И когда окреп я духом и телом, и выздоровела она – ибо и ей была дарована возможность, заразившись от меня и переболев, прийти к очищающим мыслям, но тщетно! – осталось всё, как раньше. С той лишь разницей, что стал я суровее с ней, ибо ожили в сердце и памяти моих слова учителя: «Если обезумел ты и влюбился вдруг в женщину, не подай виду никогда, что любишь, что относишься к ней с вниманием и уважением, что заботишься о ней, а главное – не относись к ней так и не заботься, и вскоре всё пройдет, а ты будешь трудиться во имя блага с прежним усердием».
И был я строг и суров с нею, а она терпела и сносила мою строгость, а временами и грубость, с кротостью, меня удивившей, ибо гордыня родилась в её сердце раньше её самой, и объясняла всё последствиями тяжёлой болезни, снизошедшей на меня. Лишь одного хотела она – ребёнка, но твердо отклонил я её просьбы, ибо не может быть счастлив человек, зачатый в грехе, а близость с женщиной – один из самых тяжких. И надлежит нам сначала сделать всё, отдать все наши силы, чтоб восторжествовала высшая благодать, если не для нас, то для детей и внуков наших, а когда восторжествует, плодить потомство и жить самим, кои доживут.
И продолжалась жизнь наша, и продолжалось падение моё, ибо утром и днём твердою рукою отправлял я на костёр заблудших, а вечером шёл к ней, чтобы корить её за бездумность и легкомыслие, не подобающие благонравной женщине. Но, едва я начинал, с улыбкой протягивала она ко мне руки, и терял я нить беседы, и подчинялся её и своим недостойным желаниям, погружаясь в неведомую мне доселе пучину безумия.
И недавно лишь понял я – она не с нами, и не была с нами никогда, и расхождения наши глубоки и непреодолимы, и что я лишь тешил себя глупой мыслью, что поверхностны наши несогласия и можно их преодолеть при моей настойчивости и её послушании, и что она не разделяет нашей веры, и не обращу я её в нашу веру никогда.
Я ушёл молиться и осенил себя Святым Вечным жестом, что подобает делать лишь в самых крайних случаях. Но не закончились мои страдания на этом…
На следующий вечер смотрел я, как она расчёсывает на ночь волосы при свечах, и вдруг увидел в отражённом в её глазах пламени двух пляшущих чёртиков. С криком пал я ниц, закрыв лицо руками…

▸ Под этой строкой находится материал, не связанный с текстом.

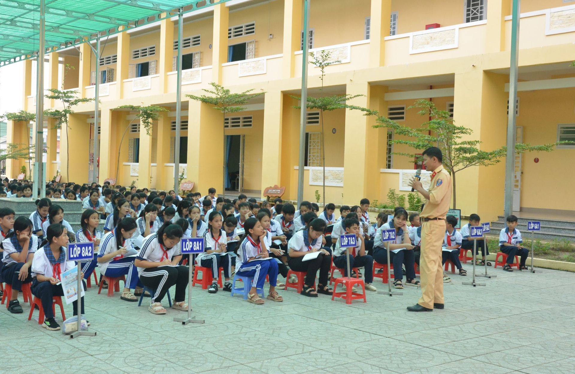 Trung tá Bùi Vũ Thanh Tài tuyên truyền về Luật Trật tự, an toàn giao thông đường bộ tại trường THCS Tân Phú.

Она привела меня в чувство и уложила в постель. «Изы-ди, сатана!» – кричал я, отгоняя её, и беспрерывно осенял себя Святым Вечным жестом. Но она не отходила от меня и потчевала снадобьями, чтоб облегчить последствия болезни, которая, как она думала, поразила не только тело мое, но и мозг. Я гнал её от себя, но… прав, как всегда мой учитель…
Я понял – она ведьма…
Если ересь – ошибка в мышлении и упорство в ней, то ведьмы, веря в дьявола, ошибок не совершают, ибо дьявол действительно существует.
И она – женщина, которую я люблю, стараюсь приобщить к вере нашей, увещевая ежедневно, – она вступила добровольно в союз с дьяволом. И ясно стало мне многое и в её поведении, и в ней самой.
Дьявол создан был добрым, подобно иным ангелам, но по своей воле стал злым и творит злое. Как он злоупотребил своею свободою, ввиду присущей ему гордыни и похоти, так и она злоупотребляет. Вот откуда её познания – ведь осведомлённость дьявола обширна. Вот откуда её умение – ведь всем известны необыкновенные способности дьявола: он построил мост через Дунай в Регенсбурге, стену между державами и многое другое. Вот почему выбрала она для нашей первой встречи Храм – дабы вдвойне осквернить всё, что для нас свято. Вот откуда чрезвычайная любовь моя к ней.
Она получает указания от дьявола, её он наделил недюжинным умом, неземной красотой, какие не бывают у нормальных женщин, сверхъестественными способностями, и она осуществляет его волю. Дьявол охранял её, когда она болела, и не дал болезни обезобразить её, а на моём лице болезнь оставила отвратительные следы, навсегда отняв у меня облик, коим так восхищались сёстры. Она опоила меня зельем, давая его под видом лекарства, и теперь любовью к ней – ведьме, которая не только отреклась от веры, но и отдаётся душой и телом дьяволу, одурманен я. Когда сплю, она предаётся инкубу или улетает на шабаш. И то, что я, просыпаясь ночью, вижу её рядом с собой, ничего не значит. Я-то знаю, что вижу не её, а всего лишь её фантастикум – отделившийся от неё образ, который она оставляет вместо себя, когда участвует в оргиях ведьм или летит туда или обратно с огромной скоростью. Правда, канон Ерisсорi возражает против полётов женщин, но мы с братьями установили, что он имел в виду не ведьм, а обычных женщин, так что по существу канон не исключает веры в женский ночной полёт.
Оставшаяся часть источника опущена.